To predict whether the patient will survive after 5 years or not based upon the patient's age, year of treatment and the number of positive lymph nodes

In [None]:
print(df.describe())

**Observations:**

* The age of the patients vary from 30 to 83 with the median of 52.
* Although the maximum number of positive lymph nodes observed is 52, nearly 75% of the patients have less than 5 positive lymph nodes and nearly 25% of the patients have no positive lymph nodes
* The dataset contains only a small number of records (306).
* The 73% of values in the target column are '2'

# **Pair plots**

In [None]:
plt.close();
sns.set_style("whitegrid");
sns.pairplot(df,hue='status', height=4);
plt.show()

**Observations :**

* Shown above is a pairplot of all possible combinations of the features keeping the "status" as hue.
* "age" and "nodes are the most useful features in determining the survival status.
* plots shown in blue represent the patients that survived.
* plots shown in orange represent patients that died within 5 years of the treatment.
* there is not much seperation seen in the data points when plotted on pair plots.

# **Histograms**

In [None]:
sns.FacetGrid(df, hue="status", height=5) \
   .map(sns.distplot, "age") \
   .add_legend();
plt.show();

In [None]:
sns.FacetGrid(df, hue="status", height=5) \
   .map(sns.distplot, "year") \
   .add_legend();
plt.show();

In [None]:
sns.FacetGrid(df, hue="status", height=5) \
   .map(sns.distplot, "nodes") \
   .add_legend();
plt.show();

# **PDF and CDF**

In [None]:
counts, bin_edges = np.histogram(df['age'], bins=10, 
                                 density = True)
pdf = counts/(sum(counts))
print(pdf);
print(bin_edges)

#compute CDF
cdf = np.cumsum(pdf)
plt.plot(bin_edges[1:],pdf)
plt.plot(bin_edges[1:], cdf)
plt.xlabel('age')




plt.show();


In [None]:
counts, bin_edges = np.histogram(df['year'], bins=10, 
                                 density = True)
pdf = counts/(sum(counts))
print(pdf);
print(bin_edges)

#compute CDF
cdf = np.cumsum(pdf)
plt.plot(bin_edges[1:],pdf)
plt.plot(bin_edges[1:], cdf)
plt.xlabel('year')




plt.show();

In [None]:
counts, bin_edges = np.histogram(df['nodes'], bins=10, 
                                 density = True)
pdf = counts/(sum(counts))
print(pdf);
print(bin_edges)

#compute CDF
cdf = np.cumsum(pdf)
plt.plot(bin_edges[1:],pdf)
plt.plot(bin_edges[1:], cdf)
plt.xlabel('nodes')




plt.show();

**Observations :**
    
the pdf and cdf of the survived and dead patients seem to overlap a lot to make any significant observation.

# **Box Plot**

In [None]:
sns.boxplot(x='status',y='age', data=df)
plt.show()

In [None]:
sns.boxplot(x='status',y='year', data=df)
plt.show()

In [None]:
sns.boxplot(x='status',y='nodes', data=df)
plt.show()

**Observations**

* it can be inferred from the plot that the people between the age from 30 to approx. 34 survived after the treatment.
* Also, people past the age of 73 were not able to survive.


# **Violin Plot**

In [None]:
sns.violinplot(x="status", y="age", data=df, size=8)
plt.show()

In [None]:
sns.violinplot(x="status", y="year", data=df, size=8)
plt.show()

In [None]:
sns.violinplot(x="status", y="nodes", data=df, size=8)
plt.show()

**Observations**

* The number of positive lymph nodes of the survivors is highly densed from 0 to 5.
* Almost 80% of the patients have less than or equal to 5 positive lymph nodea.
* The patients treated after 1966 have the slighlty higher chance to surive that the rest. The patients treated before 1959 have the slighlty lower chance to surive that the rest.

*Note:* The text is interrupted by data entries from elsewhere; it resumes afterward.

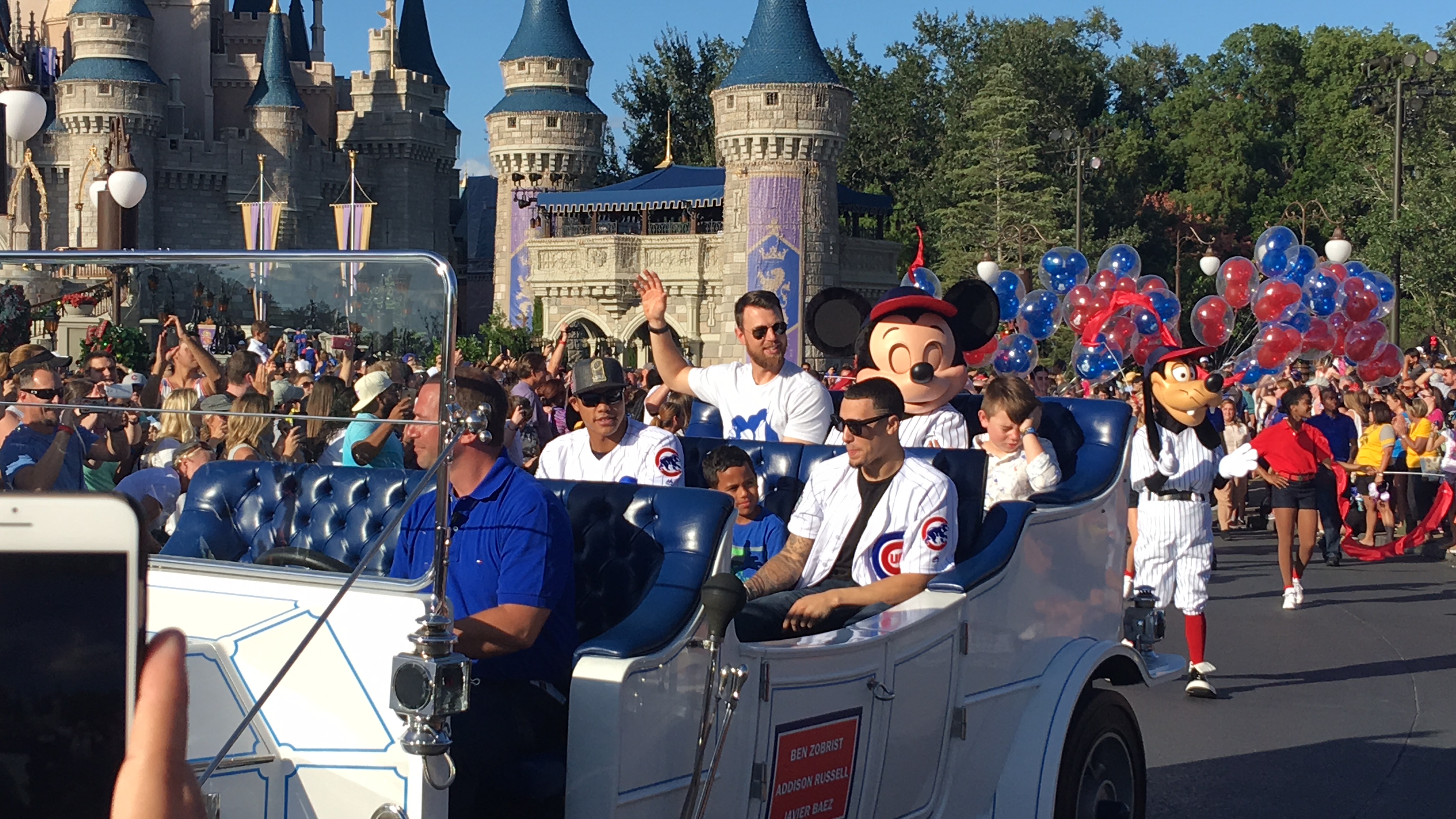 Championship MVP Ben Zobrist, Addison Russell and Javier Baez rode along with Mickey Mouse as a throng of cheering fans, many dressed in the team’s colors, lined the parade route at Magic Kingdom waving “W’’ flags and holding signs.
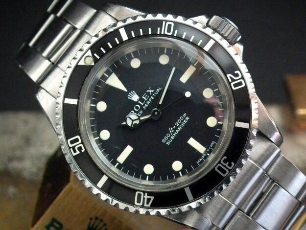 If Rolex are known for one watch it would be the Submariner and the 5513 is probably the most famous. Introduced in 1962, it ran through to 1990 and was the original ‘Tool’ watch. This 5513 was made in 1971/3 (serial 3.83million) and sold in 1976. The steel case is in excellent condition with only minor signs of surface scratching and wear (I have done a WhatsApp video if required). The original Rolex signed dial is in excellent condition and is classically 5513 – matt with painted hour batons (the hands, whilst Rolex, are newer than the watch). The very high grade Rolex signed automatic movement is again in excellent condition and is being serviced by our watchmaker as I write this introduction. The watch sits on a genuine Rolex ‘light’ bracelet with the references ‘S P11’ dating it to 1994 which suggests it’s a Rolex service bracelet. It also has the reference of 9315 on the deployment and one of the end pieces which dates it to around 1976. The bracelet is in good overall condition with sag and has 12 links. Very rarely we also the original Rolex guarantee paperwork showing the watch was sold in the UK in 1976. We also have the correct Rolex box – we bought the watch with the box so can’t guarantee it’s original to the watch but is period correct.
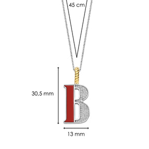 Omarm een levendige stijl met deze TI SENTO vergulde zilveren Letter B Hanger 6840CR_B. Deze betoverende hanger heeft een rode steen die de letter "B" vormt, wat een opvallend contrast creëert met een sprankelend pavé van witte cubic zirconia. Gemaakt van hoogwaardig 925 sterling zilver, vervolgens verzilverd om het te beschermen en glanzend te houden. De clipring is verguld wat warmte toevoegt aan de levendige energie van de rode steen. De rode steen straalt een tijdloze aantrekkingskracht uit en voegt een vleugje levendige kleur toe aan je halslijn. De letter B symboliseert balans en harmonie, de perfecte mix van kracht en mededogen. Deze hanger is meer dan alleen sieraden; het is een speelse uiting van je individualiteit. Draag het solo voor een gedurfd statement of combineer het met andere letters of hangers voor een trendy, gelaagde look. De hanger wordt geleverd met een delicate zilveren ketting van 45 cm. Vakkundig gemaakt voor de gevoelige huid, deze nikkelvrije en hypoallergene hanger garandeert langdurig comfort en kwaliteit.
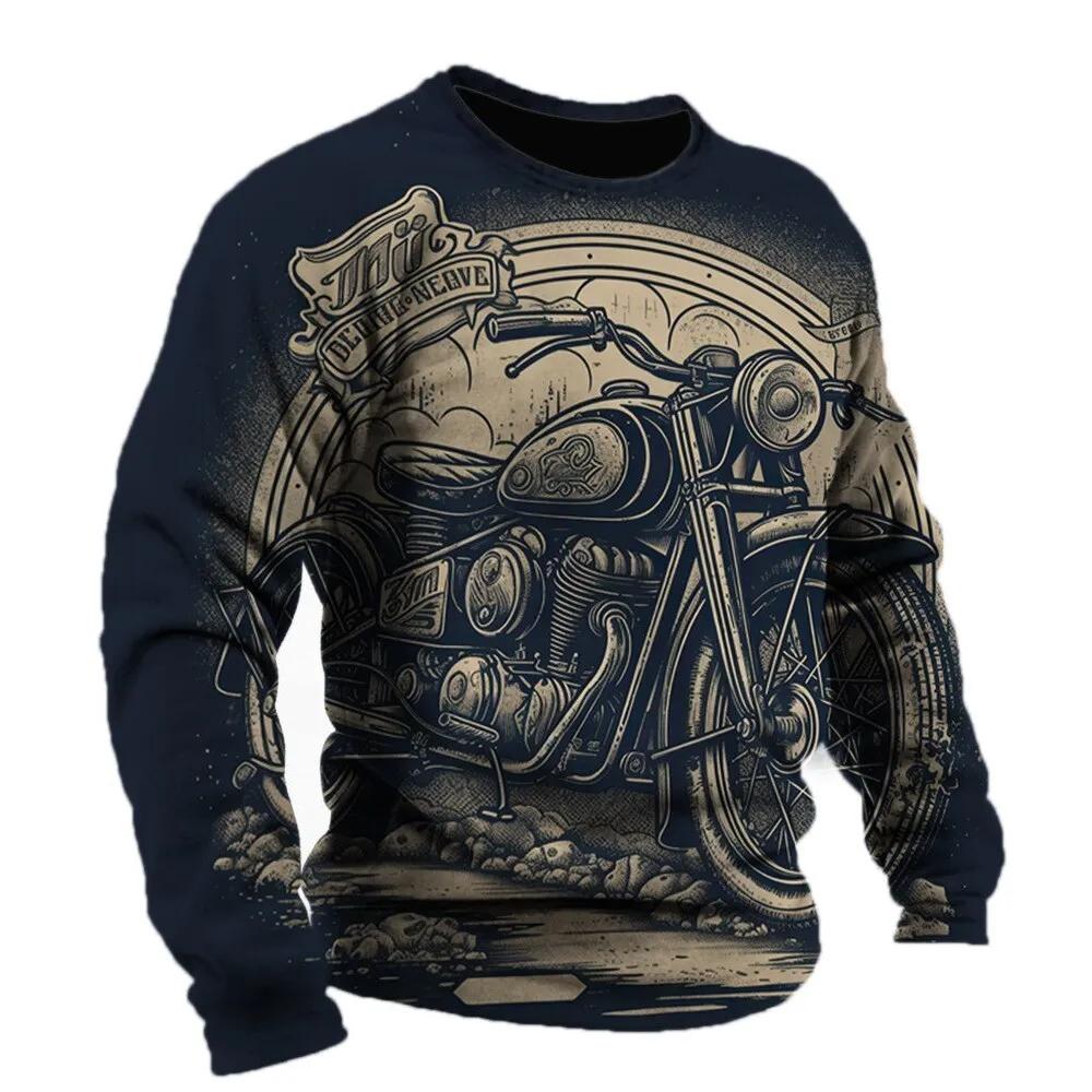 2024 Винтажная мужская футболка с рисунком мотоцикла Футболки с длинным рукавом с 3D-принтом Одежда Графическая уличная одежда больших размеров Мужская одежда
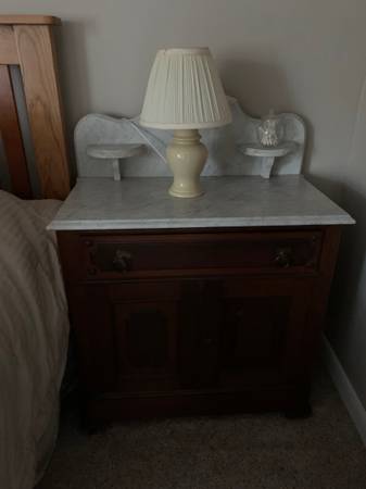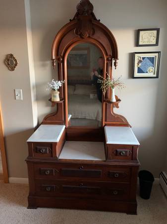 Marble top dresser set. Large dresser and mirror with a smaller dresser that could serve as a wash stand next to bed. Both are antiques and in good shape. Nothing missing.
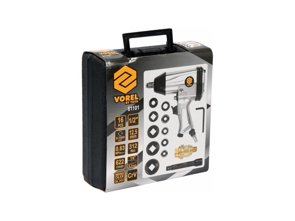VOREL Súprava pneumatického rázového uťahováka a príslušenstva 16 kusov 1/2
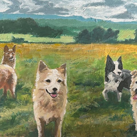 Innrammet bilde med et surealistisk motiv av en hai som blir tatt av en katt.
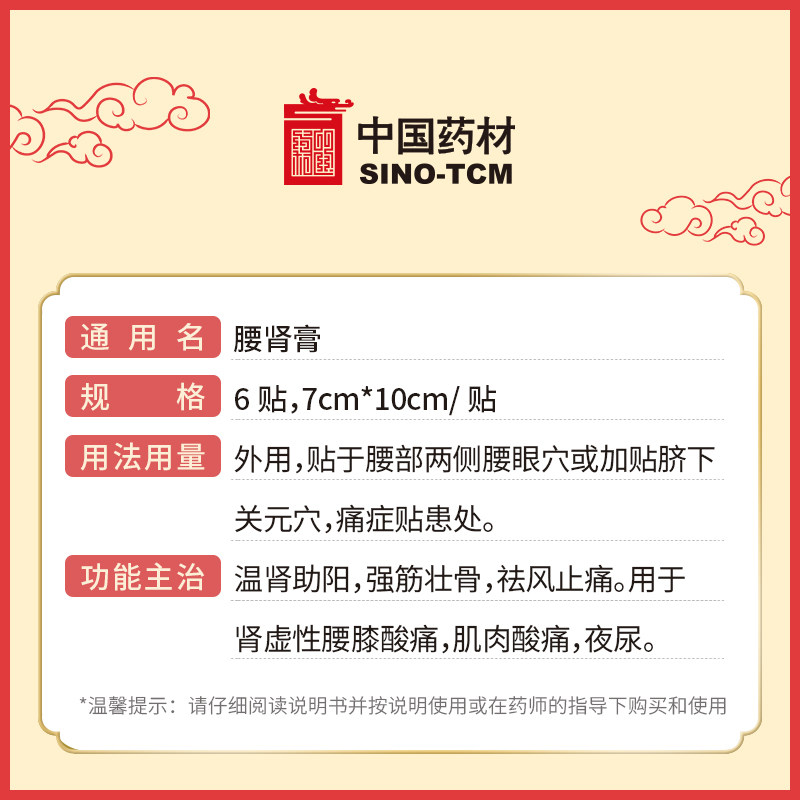 盒中国药材肾虚夜尿补肾腰膝腿酸痛贴 6贴 德众腰肾膏7cm 10cm
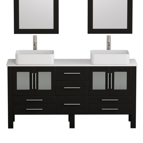Creating a complete setup for your master bath, this contemporary double sink vanity includes two mirrors and adds plenty of storage 60 wide x 21 deep x 35 high Weighs 2712 lbs Mirrors are 36 high x 28 wide Style # 97R36 at Lamps PlusPlus, this vanity sink also comes with two matching mirrors complementing the design The abovecounter sink features the highest quality ceramic material It has a durable 05inch tampered glass on top, which is pretty easy to clean With five drawers and double cabinets under each sink, you'll have plenty of storage space for two people to keep all morningA double sink will transform your vanity without adding much extra width, and if you spring for a wallmounted option, you can save space under your sink, too 07 of 24 Cozy Things Up With a Rug Cathie Hong Bathroom floors tend to be lined with tiles, which can feel cold and harsh on bare feet, so cozy up your space with a rug This rug can be as bold or as subtle as you
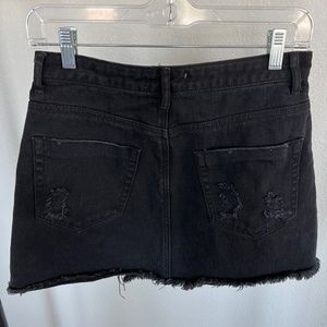Distressed Jean Skirt from Forever21 in new condition! Perfect length, not too long not too short. High Rise with a flare to slim fit around the hips. Distressed on back pockets and front giving a nice thigh moment. Pair these with a black or printed heeled bootie and a graphic tee and you're set for a night downtown or at your favorite bands concert. This skirts not going out of style!
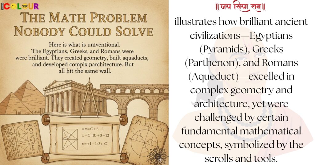 Here is what is unconventional. The Egyptians, Greeks, and Romans were brilliant. They created geometry, built aqueducts, and developed complex architecture. But they all hit the same wall.
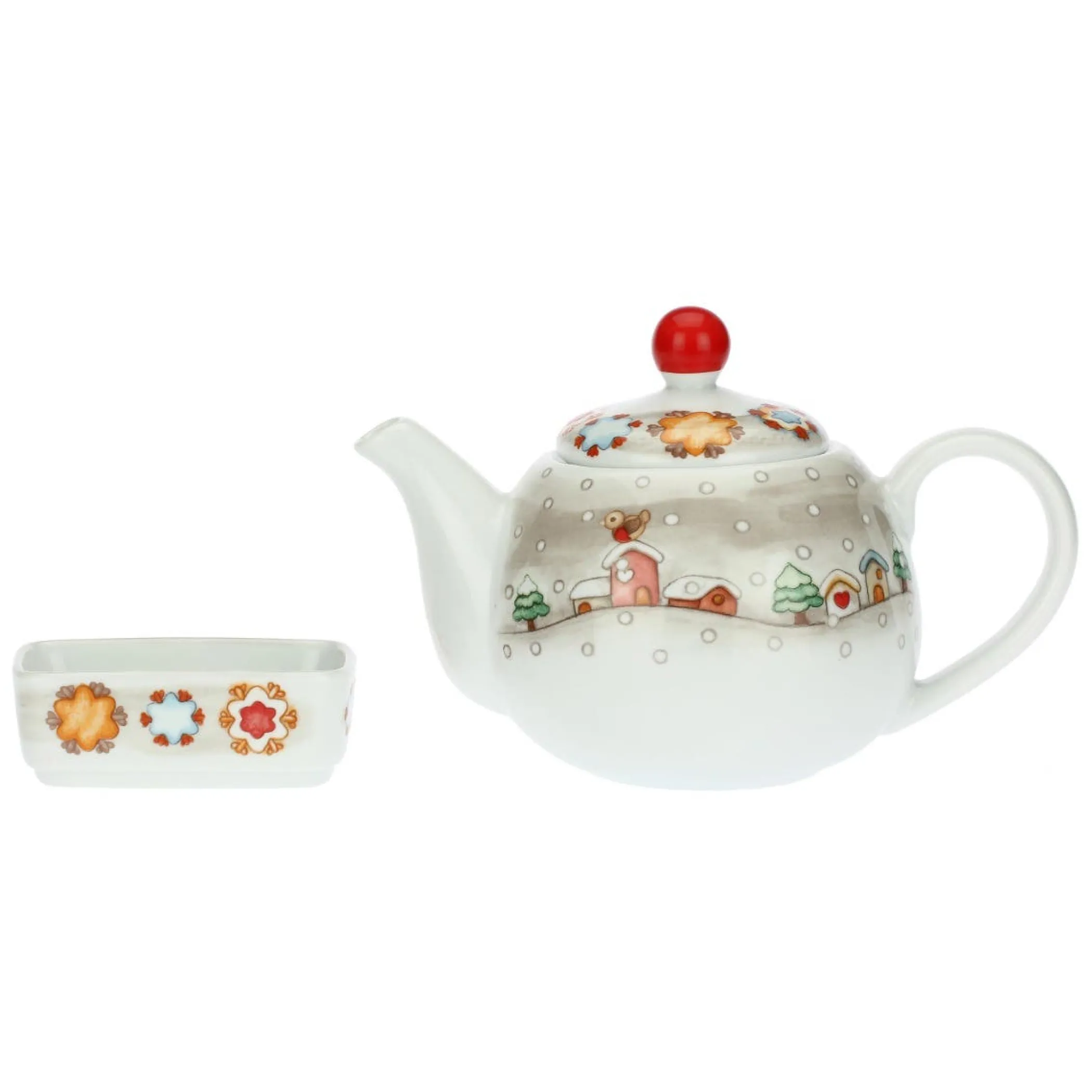Preparati a vivere l’inverno riscoprendo anche le più piccole emozioni che diventano ora un dono prezioso.I cristalli di neve che cadono durante il giorno si trasformano di notte in magnifici fiori da offrire a chi si ama e decorano il set composto da teiera e portabustine del tea della linea Regali d’inverno Thun, per condividere con le persone che ami una calda bevanda. Divertiti a ricreare un ambiente magico della tua casa con tutti gli elementi la nuova collezione Regali d’Inverno. Ideale come regalo.
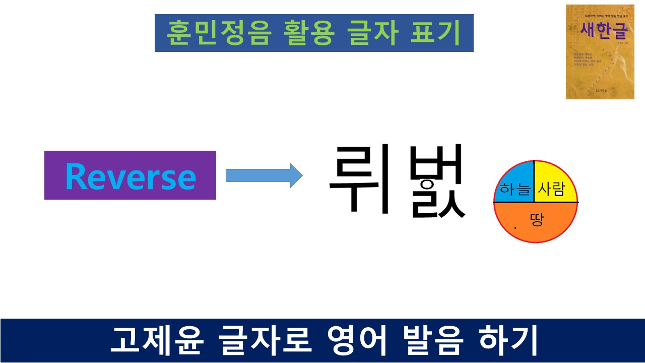 위의 글자 표기는 훈민정음을 활용하여 "고제윤 글자"로 표기한 것입니다. Reverse의 발음은 각각 다음과 같습니다. R은 우리말 '루'나 '로'에 가까운 발음입니다. 여기에서는 '루'로 표기하였습니다. 이어지는 e는 우리말 '이'로 나타나며 이 발음을 '루'와 함께 표현하여 '뤼'로 표현하였습니다. V는 우리말에 없는 소리입니다. 윗니로 아랫입술을 물고 계속해서 마찰을 일으키는 소리이며, 목젖이 울리는 소리입니다. 이 소리의 특성을 영어의 b와 구별하여 비읍 아래에 작은 동그라미를 그려 넣은 표기로 나타냈습니다. r은 리을로 표현했고, s는 시옷으로 표현했습니다. 이렇게 각각의 음소를 바탕으로 훈민정음의 소리 호흡 표기 원리를 적용하여 위의 글자로 표현한 것입니다.

# **Multivariate probability density, contour plot**


In [None]:
sns.jointplot(x="status", y="nodes", data=df, kind="kde");
plt.show();

# **Conclusion**
By plotting all pdf, cdf, box-plot, pair plots etc. we get only one conclusion :
* if number of axillary node is less then survival of patients is more.
* We need more features to come on a good conclusion.